In Summary
  • Farmers will harvest only 33 million bags, compared with 44 million last year, the Ministry of Agriculture announced Wednesday.

  • This represents a drop of a quarter or 25 per cent of the harvest. The expected harvest is a fraction of the 52 million bags the government had targeted.

Kenya is staring at a food-shortage crisis and tough economic times following projections of a sharp drop in the maize harvest this year.

Farmers will harvest only 33 million bags, compared with 44 million last year, the Ministry of Agriculture announced Wednesday.

DRY SPELL

This represents a drop of a quarter or 25 per cent of the harvest. The expected harvest is a fraction of the 52 million bags the government had targeted.

The sharp drop, attributed to reduced acreage under the crop, a devastating drought during the planting season and incessant attacks by the fall army worm, is expected to have ripple effects across the economy.
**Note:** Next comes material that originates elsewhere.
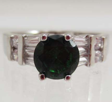 13414 - WHITE GOLD PLATED EMERALD & TOPAZ RING - SIZE 7.25

Agriculture Chief Administrative Secretary Andrew Tuimur, announcing the anticipated drop in maize production, disclosed that land under the crop shrank from 2.2 million hectares last year to 1.5 million hectares.
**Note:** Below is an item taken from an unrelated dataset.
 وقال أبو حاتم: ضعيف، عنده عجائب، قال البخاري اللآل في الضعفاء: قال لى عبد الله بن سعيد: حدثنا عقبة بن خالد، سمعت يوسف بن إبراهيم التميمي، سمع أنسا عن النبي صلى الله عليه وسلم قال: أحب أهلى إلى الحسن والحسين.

There was also uneven germination of the crop due to a lengthy dry spell during the planting period.

The planting season in the North Rift region, the country’s main food basket, runs from March to May. This period, traditionally wet, experienced a prolonged drought and later erratic rainfall, resulting in uneven germination and withering of the crop.
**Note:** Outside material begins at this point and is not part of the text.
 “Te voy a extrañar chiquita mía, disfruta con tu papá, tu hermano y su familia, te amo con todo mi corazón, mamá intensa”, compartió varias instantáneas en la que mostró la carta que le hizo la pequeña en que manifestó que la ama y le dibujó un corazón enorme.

Dr Johnstone Irungu, the director of crops in the Ministry of Agriculture, also explained that multiple infestation of the dreaded fall army worms damaged the crop.

LOW MORALE

The North Rift region produces 80 per cent of the total national maize crop and the anticipated lower production spells doom for the country’s food security.

“We are dispatching a team of experts to carry out an assessment to find the full extent of the loss,” Dr Irungu said.

Dr Tuimur and Dr Irungu were speaking during an agribusiness exhibition at the University of Eldoret on Tuesday.

The government’s grim forecast is backed by the Agricultural Information Network, a service of the US Department of Agriculture (USDA), which has predicted lower yields for maize, as well as for wheat and rice — two other staple foods in Kenya.

The agency reported reduced acreage under cultivation of the key crops against increased consumption of the cereals. “Corn/maize production is forecast at 3.6 million tonnes in 2019-20 down from 4.05 million in 2018-19,” warns the USDA report.

It attributes the decline to low morale among farmers caused by a market crisis last season.

TOUGH TIMES

The two bleak reports are in tandem with an earlier warning by the Parliamentary Budget Office of an all-time high inflation, signalling tough times for Kenyans already reeling under a high cost of living.

The projections came on the back of the latest Kenya National Bureau of Statistics figures that indicated only 78,400 new formal jobs were created in the economy last year, compared with 114,400 in 2017.